The ongoing procedure for the nomination of a new Director for the EU Fundamental Rights Agency definitely looks very fishy.
The procedural rules for this nomination are in themselves rather questionable, giving the Commission the possibility to narrow down the choice to a proposal consisting of three candidates without setting out clear criteria for this decisive step of pre-selection. But at least it is clearly said that this pre-selection must be transparent.
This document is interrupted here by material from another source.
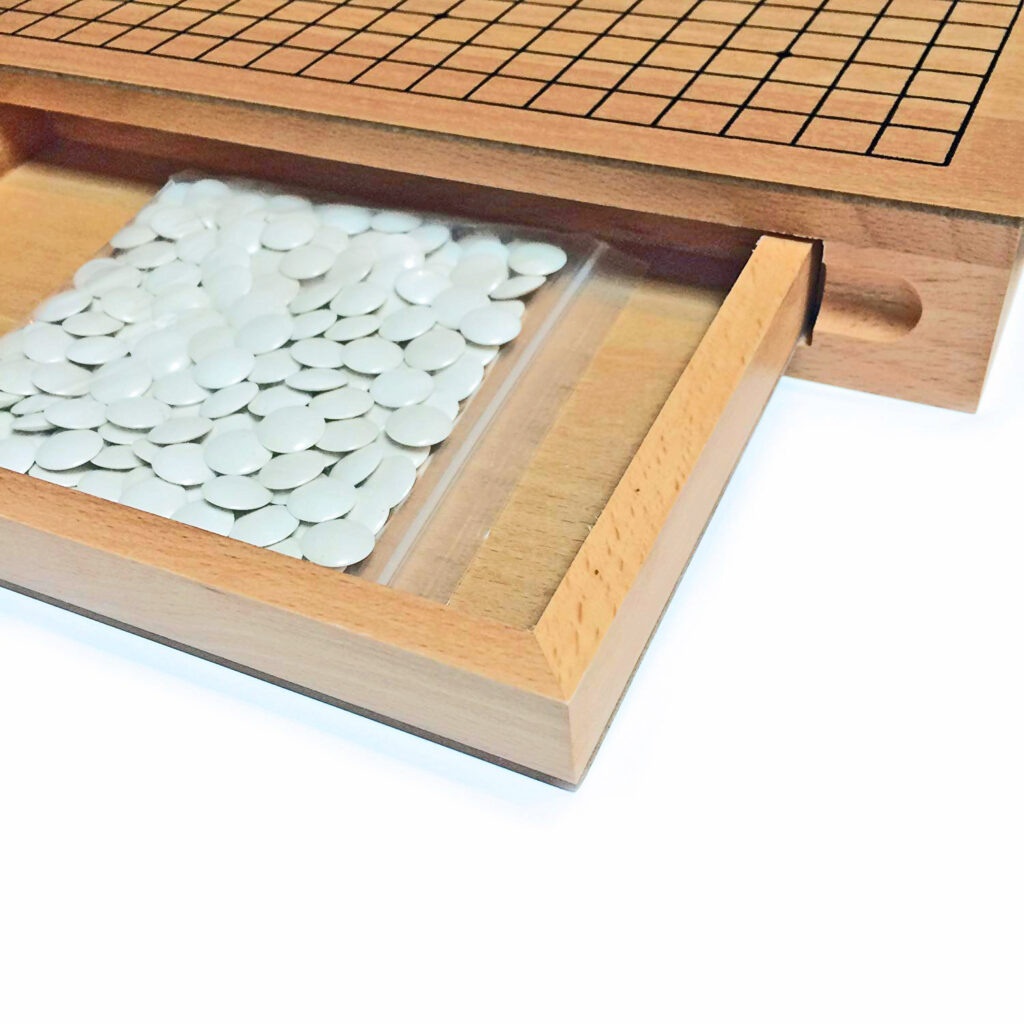 Our most popular Go set! This high-quality set includes a beautiful wood board with pull-out drawers for storing stones when not in use. Go is an ancient game of Chinese origin that rewards patience and concentration rather than greed and aggression. The shifting balance of territory and power can unnerve even the most disciplined and intellectual player. GOBAN: GO board is made of wood veneer to match golden-tinged Kaya tree INCLUDES: GO board measures 11.750 x 11.750 x 1.875 in., 361 pieces, instructions STORAGE: Board is equipped with convenient pull-out storage drawers for pieces GOOD FOR YOU: Teaches social, verbal, and cognitive skills, great for teachers WE GAMES: Making the world’s best traditional board games since 1977

Here is the wording of the relevant provision, Article 15 (2) of Regulation (EC) 168/2007 establishing a European Union Agency for Fundamental Rights:
“1. The Agency shall be headed by a Director appointed by the Management Board in accordance with a cooperation (concertation) procedure provided for in paragraph 2. The Director shall be appointed on the basis of his or her personal merit, experience in the field of fundamental rights and administrative and management skills.
2. This cooperation procedure shall be as follows:
(a) on the basis of a list drawn up by the Commission after a call for candidates and a transparent selection procedure, applicants will be asked before an appointment is made to address the Council and the competent European Parliament Committee and to reply to questions;
(b) the European Parliament and the Council of the European Union will then give their opinions and state their orders of preference;
(c) the Management Board will appoint the Director taking these opinions into account.”
With the best of wills, however, there is not the faintest trace of transparency in the procedure that has led the Commission to draw up her proposal which – surprise, surprise! – consists of two candidates with track records of extremely unusual interpretations of “human rights” that are reflective of their controversial political stances and one candidate with the profile of an apparatchik who has been co-responsible for the FRA’s less than satisfying performance in the years since its creation. Neither has the Commission published a list of all the candidatures that were received, nor did it inform the public of the criteria that were used to identify the most suitable candidates, nor did it explain how each of the candidates matched each of the criteria. In other words, this procedure rather resembles a black hole, or a wizard’s hat from which the Commission may draw out any white rabbit it likes…
It appears that the selection was made at a very high level of the Commission’s hierarchy, probably by Vice President Timmermans (who happens to hold rather peculiar views on “fundamental rights”).
We all know that “success” in politics often depends not of the quality of one’s arguments, but of one’s ability in putting the “right” people into the “right”places. However, when the law so clearly calls for transparency in appointing key posts, such a requirement cannot simply be ignored without this failure to comply with the law leading to severe consequences. The apparent lack of transparency in the pre-selection means that the Commission’s list of candidates is now tainted with the suspicion of illegality. The Commission should withdraw it.